The debt to equity ratio plays a role in the working average cost of capital (WACC). The overall interest on debt represents the break-even point that must be obtained to profitability in a given venture. Thus, WACC is essentially the average interest an organization owes on the capital it has borrowed for leverage. Let's say equity represents 60% of borrowed capital, and debt is 40%. This results in a financial leverage calculation of 40/60, or 0.6667. The organization owes 10% on all equity and 5% on all debt. That means that the weighted average cost of capital is (.4)(5) + (.6)(10) - or 8%. For every $10,000 borrowed, this organization will owe $800 in interest.
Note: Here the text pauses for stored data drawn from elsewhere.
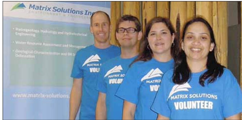
Matrix Solutions' volunteer programs are employee driven. Thanks to flexible work hours, employees are able to volunteer in the communities they serve.

“In addition to internal training programs, each employee has an annual profes-
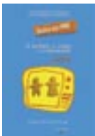
CHILDREN AND MASS MEDIA
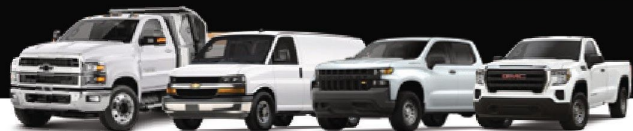
2019 Chevrolet Silverado 6500HD 1 Chassis Cab | 2019 Chevrolet Express 2500 Cargo Van | All-New 2019 Chevrolet Silverado 1500 | Next Generation 2019 GMC Sierra 1500

We're in the offering NAHB members up to $1,000 business.
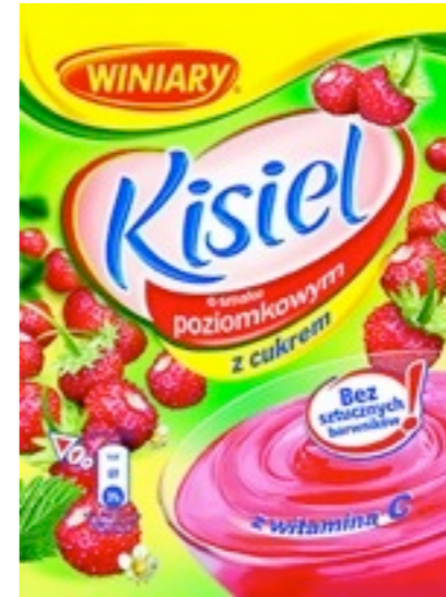
467.Wild strawberry 77g (25)
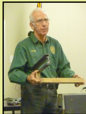
"Deep Hollowing System For A Mini-Lathe" By Tom Crosby
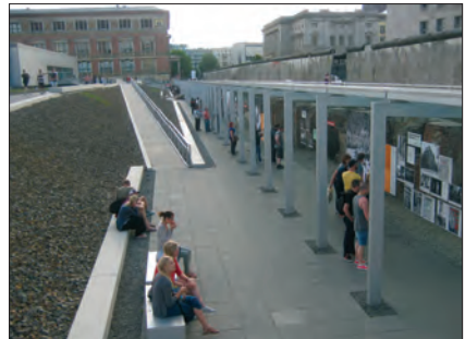
Checkpoint Charlie, left, and a fragment of the Berlin Wall above an outdoor historic timeline at the Topography of Terror museum.
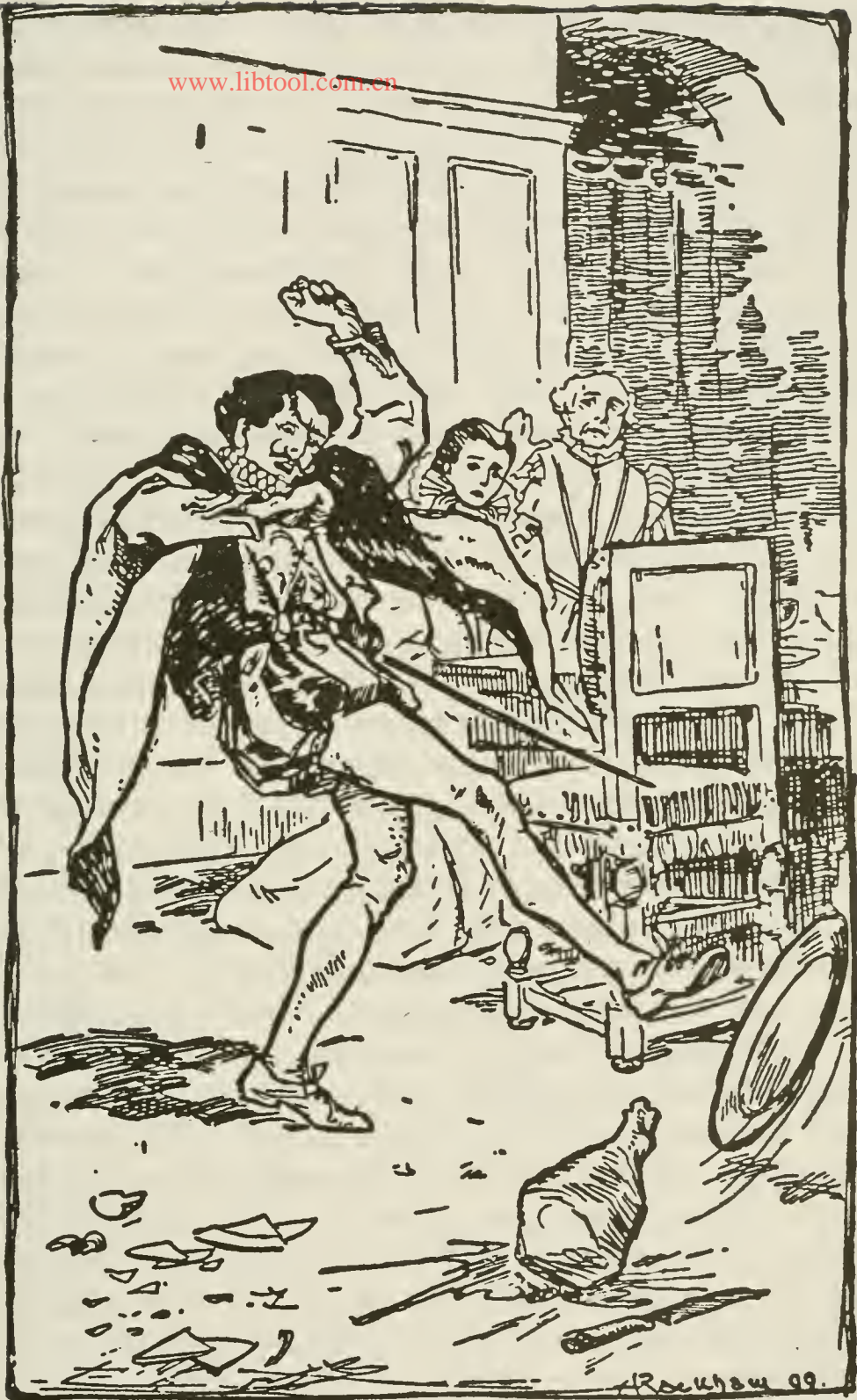
Petruchio, pretending to find fault with every dish, threw the meat about the floor
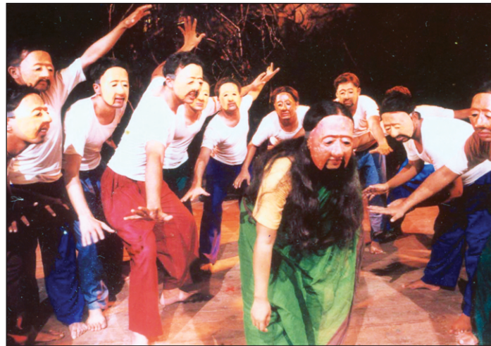
A scene from Bou Bashonti
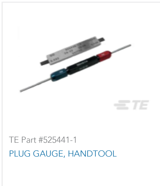
TE Part #525441-1 PLUG GAUGE, HANDTOOL
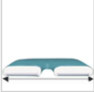
O21 Additional +3" width on couch. Other widths to order.
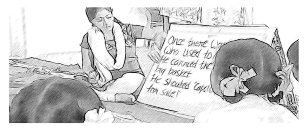
Figure 3 A teacher has used cardboard to make a stand for the big book.

Look at the teacher with her students in Figure 3. She has made a simple stand for the big book out of cardboard.
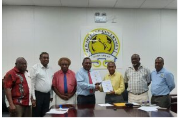
Centre for Excellence in Financial Inclusion (CEFI)

On 25 April 2023, Papua New Guinea's Centre for Excellence in Financial Inclusion (CEFI) and the Bank of Papua New Guinea (BPNG) launched the National Financial Inclusion Strategy (NFIS) 2023-2027 . The strategy is a third instalment following the 2014-2015 National Financial Inclusion and Financial Literacy Strategy and the 2016-2020 National Financial Inclusion Strategy . The two earlier strategies primarily focused on reducing PNG's significant levels of financial exclusion , which was at one stage considered to be one of the highest in both the South Pacific region and the world. Fortunately, this level has seen a sizeable reduction to somewhere between 75% and 80% , owing to the ongoing efforts and leadership of BPNG and CEFI.
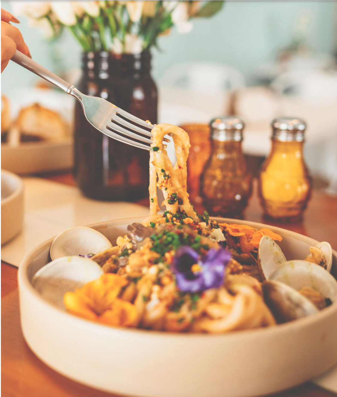
The Kitchen at The Surf Shack

The Kitchen at The Surf Shack in Narragansett - Camara combines influences from around the globe in dishes like the fan favorite Mo's Dan-Dan Clams, a mildly spicy udon noodle dish with a Chinese mala chili sauce base, coconut milk, and Manila clams topped with peanuts. According to Camara, the crispy pork belly steam buns and lamb ribs are also crowd-pleasers.
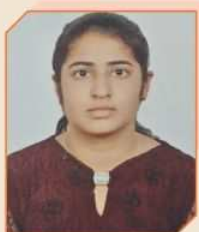
Srishti 8.13 SGPA 3rd in College 3rd Semester
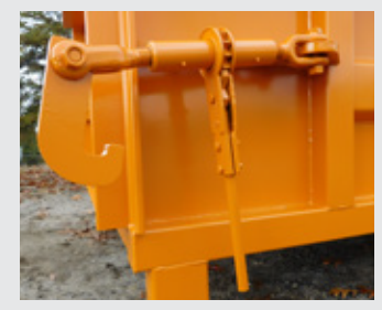
Heavy-duty ratchet binders with 1-1/4" thick hooks are standard.
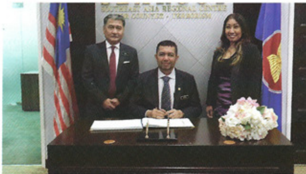
Visit by the Deputy Foreign Minister, YB Dato' Marzuki Yahya to SEARCCT, 7 August 2018
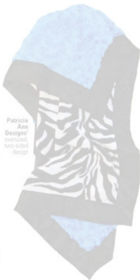
Patricia Ann Designs oversized two-sided design
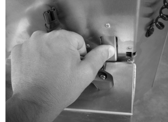
C. Grab the battery pack by the handle.
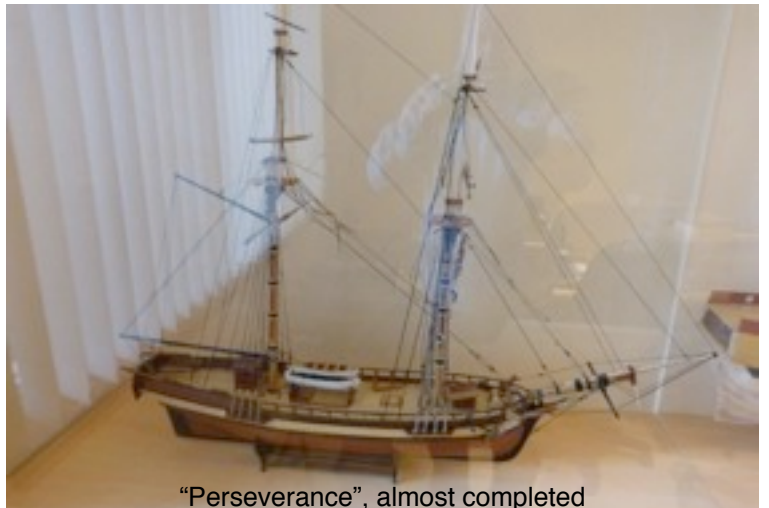
"Perseverance", almost completed
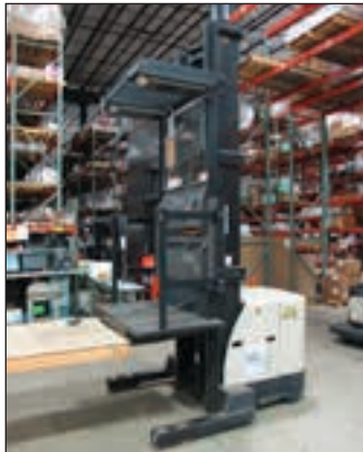
CROWN ELECTRIC AISLE LIFT TRUCK MODEL SP-3450H
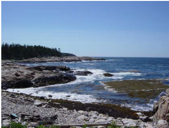
Pocket Beach—Long Island, Maine

The holidays are over and spring is four months off. What's a boater to do?
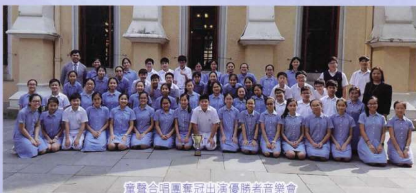
童聲合唱團奪冠出演優勝者音樂會
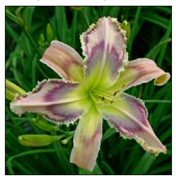
H. 'Entwined in the Vine' is an exciting departure for Karol; a toothy-edged UF, its unique patterning offers exciting new hybridizing potential.
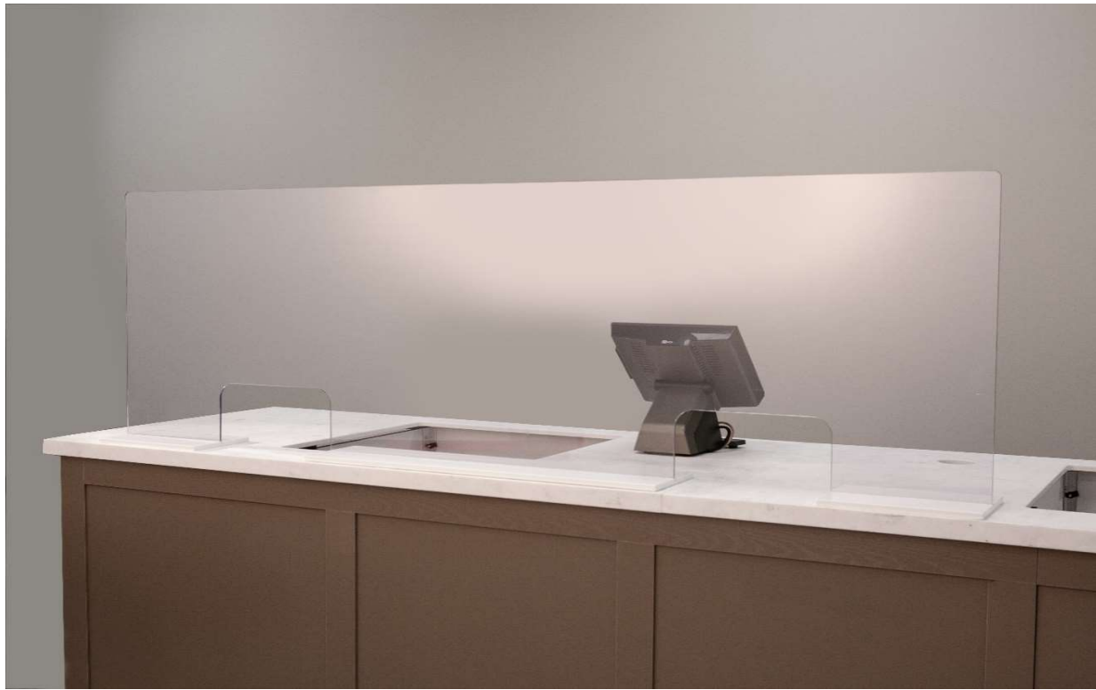
Custom multi-station unit with solid surface base - simple assembly requires no tools
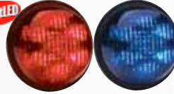
Optional 4" Round TIR6 Super-LED with extended lens
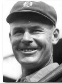
RF Sam Crawford Detroit Tigers
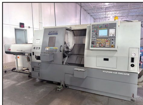
HYUNDAI KIA SKT21LMS TURNING CENTER
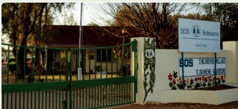
Photographs and interview by Mats Ögren
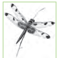
NP-25 Calico Pennant upper left
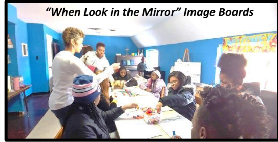
"When Look in the Mirror" Image Boards
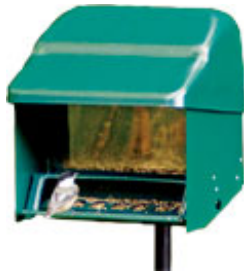
Super Stop-A-Squirrel Feeder
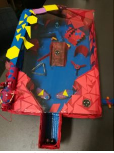
Figure 1. A cardboard pinball machine constructed by a student.

Marna incorporated a set of student-chosen science fair investigations about the forces in rubber bands, angles of ramp elevation, and friction on different surfaces.
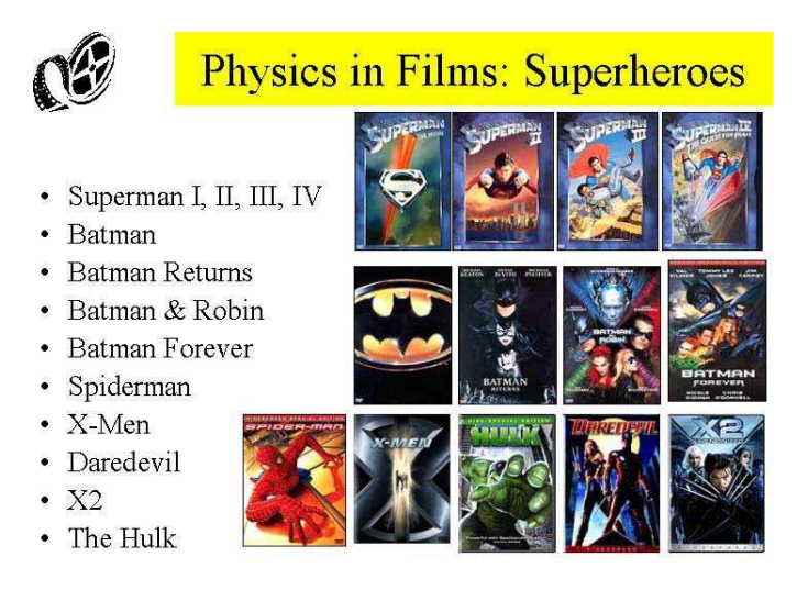
Figure 4: Physics In Films: Superheroes Films

Part of the motivation for offering the Superheroes flavor came from a course given by Jim Kakalios at the University of Minnesota-Twin Cities (Feder, 2002). He has taught a successful course in physical science based on superhero comic books. The Physics in Films: Superheroes flavor complements Kakalios' approach, substituting motion and 'real' action for static images. It was first taught in the summer 2003 term using the films shown in Figure 4.
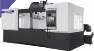
MCV SERIES Vertical /Heavy Duty Box Way MCV-1300iSM MCV-1500i/MCV-1500i+ MCV-2000i
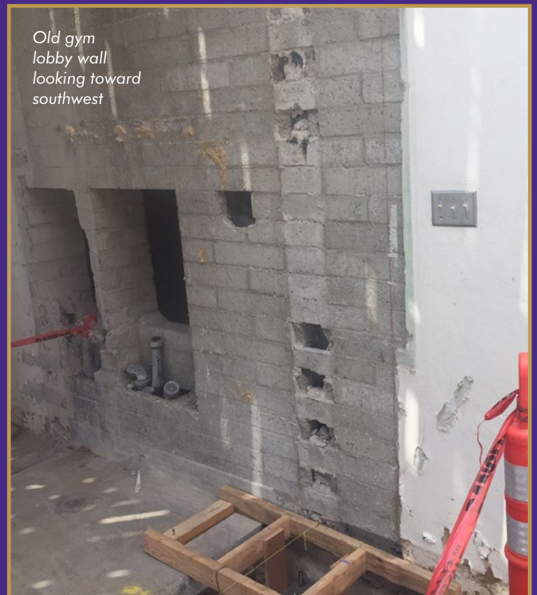
Old gym lobby wall looking toward southwest
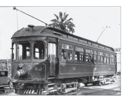
Car 52, which once ran from San Jose to Palo Alto, is part of the Western Railroad Museum's collection in Solano County.

When the volunteer staff at the museum realized why we were there, they gladly adjusted the schedule to feature Number 52 on the first run
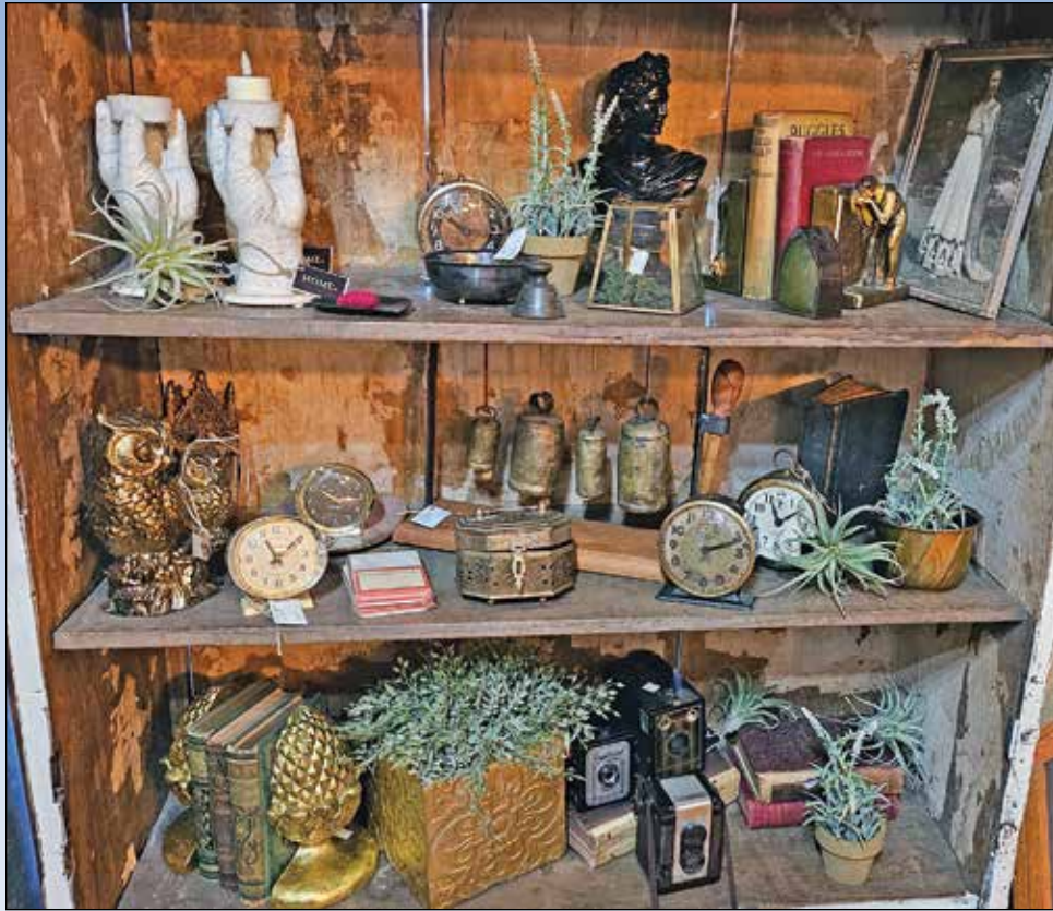
Those who remember a time when alarm clocks had to be wound each day and cameras were not built into your cell phone will appreciate this section at Home Décor.
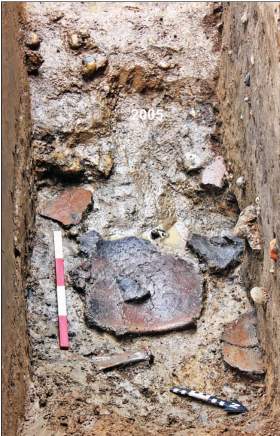
Earthwork section: base of the U-shaped ditch recut with pottery in situ. [T20 pottery].
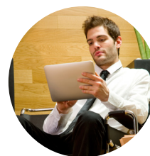
Remote Office Connectivity
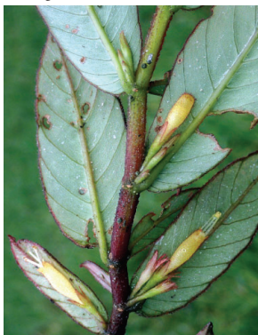
22 Columnnea byrsina MP
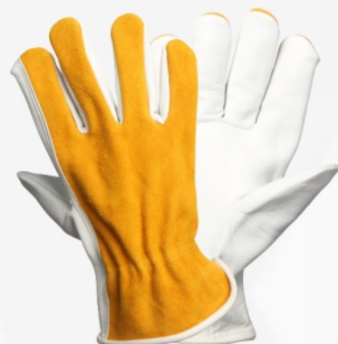
SI 1016 S

Driver Gloves. High quality Cowhide grain palm & Cow Split back Straight thumb Elastic back for snug fit Perfect sizing according to EN-420 Standard Color: Natural White/ Yellow / Beige.
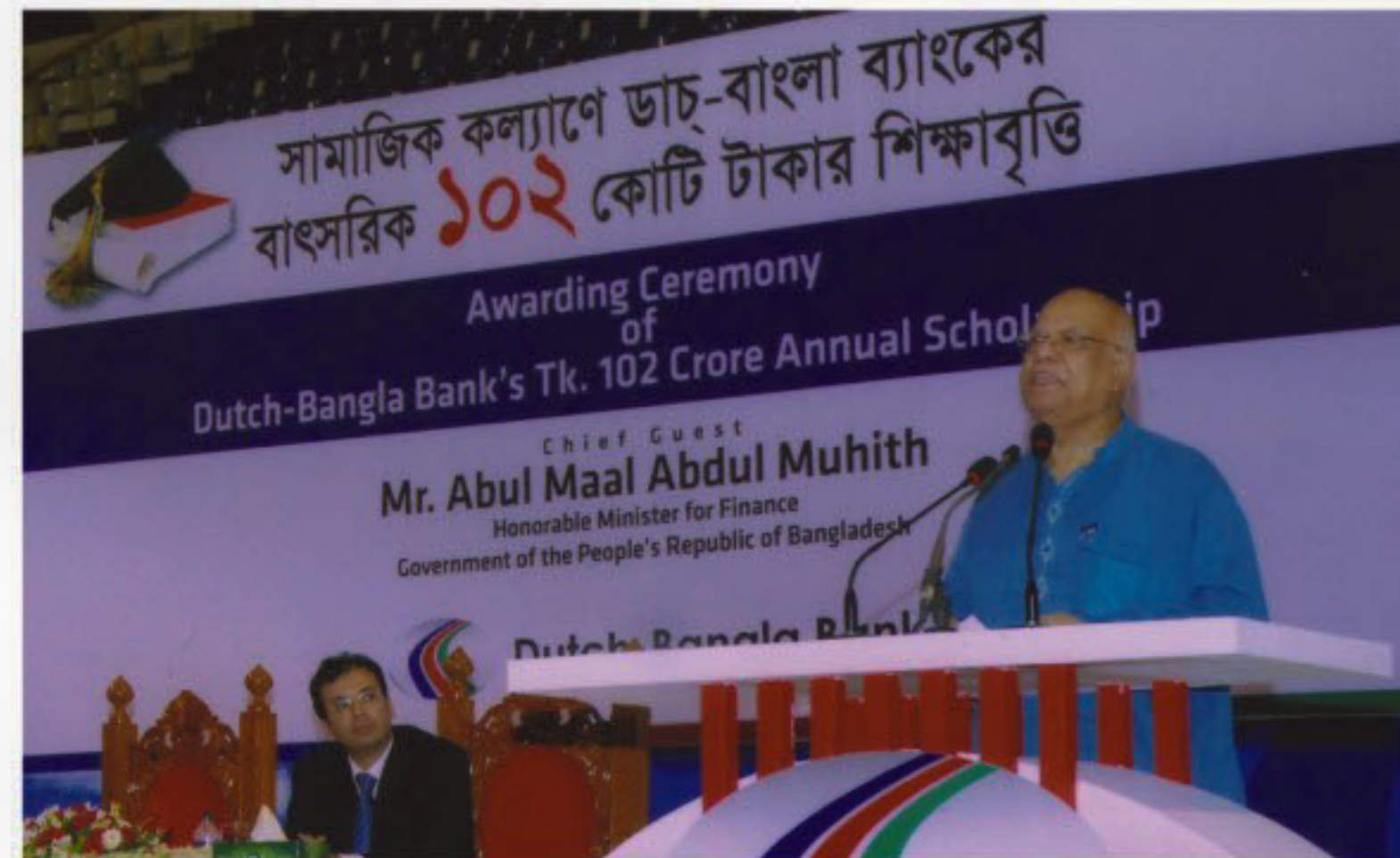
"Today's program is such a program where we are inspired and it seems that our country is going ahead. The contribution of society is more to the individual than he / she is to themselves. The Fascination for education is a rare and good deed. An individual can prove themselves as the best creature when their hidden merit is exhibited. Therefore, I extend my thank to Dutch-Bangla Bank Foundation and hope for the their success in the future." Mr. Abul Maal Abdul Muhith, Honorable Minister of Finance

Profit must be higher than 8% on the project to offset the cost of interest and justify this leverage.

Benefits of Financial Leverage

Leverage provides the following benefits for companies:
  • Leverage is an essential tool a company's management can use to make the best financing and investment decisions.
  • It provides a variety of financing sources by which the firm can achieve its target earnings.
  • Leverage is also an essential technique in investing as it helps companies set a threshold for the expansion of business operations. For example, it can be used to recommend restrictions on business expansion once the projected return on additional investment is lower than the cost of debt.
By borrowing funds, the firm incurs a debt that must be paid. But, this debt is paid in small installments over a relatively long period of time. This frees funds for more immediate use in the stock market. For example, suppose a company can afford a new factory but will be left with negligible free cash. In that case, it may be better to finance the factory and spend the cash on hand on inputs, labor, or even hold a significant portion as a reserve against unforeseen circumstances.

The Risk of Financial Leverage

The most obvious and apparent risk of leverage is that if price changes unexpectedly, the leveraged position can lead to severe losses. For example, imagine a hedge fund seeded by $50 worth of investor money. The hedge fund borrows another $50 and buys an asset worth $100, leading to a leverage ratio of 2:1. For the investor, this is neither good nor bad -- until the asset price changes. If the asset price goes up 10 percent, the investor earns $10 on $50 of capital, a net gain of 20 percent, and is very pleased with the increased gains from the leverage. However, if the asset price crashes unexpectedly, say by 30 percent, the investor loses $30 on $50 of capital, suffering a 60 percent loss. In other words, the effect of leverage is to increase the volatility of returns and increase the effects of a price change on the asset to the bottom line while increasing the chance for profit as well.